Significance of Redox Additive Electrolyte over Energy and Power Densities of Mixed Metal Vanadate-Based Supercapattery Device
S. Arunpandiyan, G. Hariharan, A. Raja, R. Packiaraj, S. T. Bharathi, A. Arivarasan
Abstract
The energy demand of the current era suggests the need for the advancement of smart and efficient energy conversion/storage technologies. Thereby, a BiVO4/FeVO4:rGO nanocomposite-based supercapattery device was fabricated, and its electrochemical performances were reported. A BiVO4/FeVO4:rGO nanocomposite was synthesized through a hydrothermal route.
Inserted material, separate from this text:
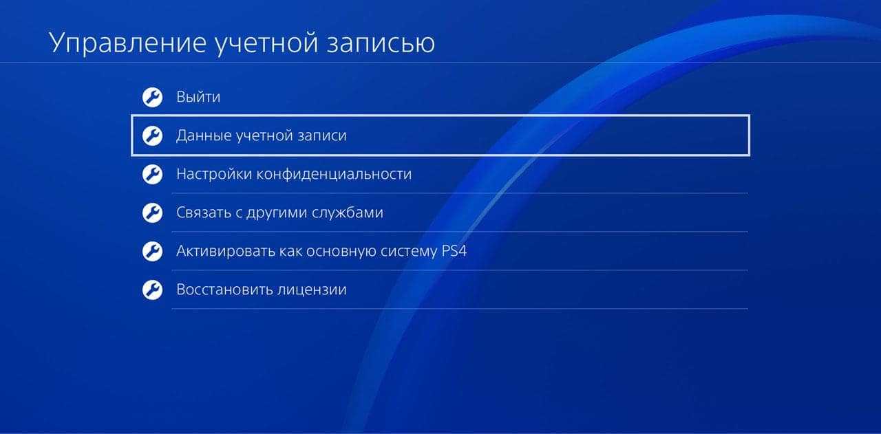- Зайдите в настройки Вашей PlayStation 4, далее в «Управление учётной записью».

The synthesized samples were characterized using XRD, FT-IR, Raman, UV, SEM, and HR-TEM analyses to study their structural, functional, optical, and morphological characteristics, respectively. In a three-electrode setup, the electrochemical properties of the produced samples were investigated using 1 M KOH and 0.1 M K4[Fe(CN)6] mixed with 1 M KOH redox additive electrolytes, respectively. With the redox additive electrolyte, a maximum specific capacitance of 1343.6 F g–1 was achieved for the BiVO4/FeVO4:rGO nanocomposite-modified working electrode. Further, the supercapattery device was fabricated by assembling a BiVO4/FeVO4:rGO-modified working electrode as the cathode and rGO deposited Ni foam as an anode in an asymmetrical cell configuration. The supercapattery device performance was also tested in pure and redox-additive-based KOH electrolytes, similar to the three-electrode system. The fabricated device exhibited a maximum energy density and power density of 29.7 W h kg–1 and 3780 W kg–1, respectively, in 1 M KOH electrolyte. The energy and power densities were improved to 70.5 W h kg–1 and 6300 W kg–1, respectively, by the inclusion of 0.1 M K4[Fe(CN)6] in 1 M KOH.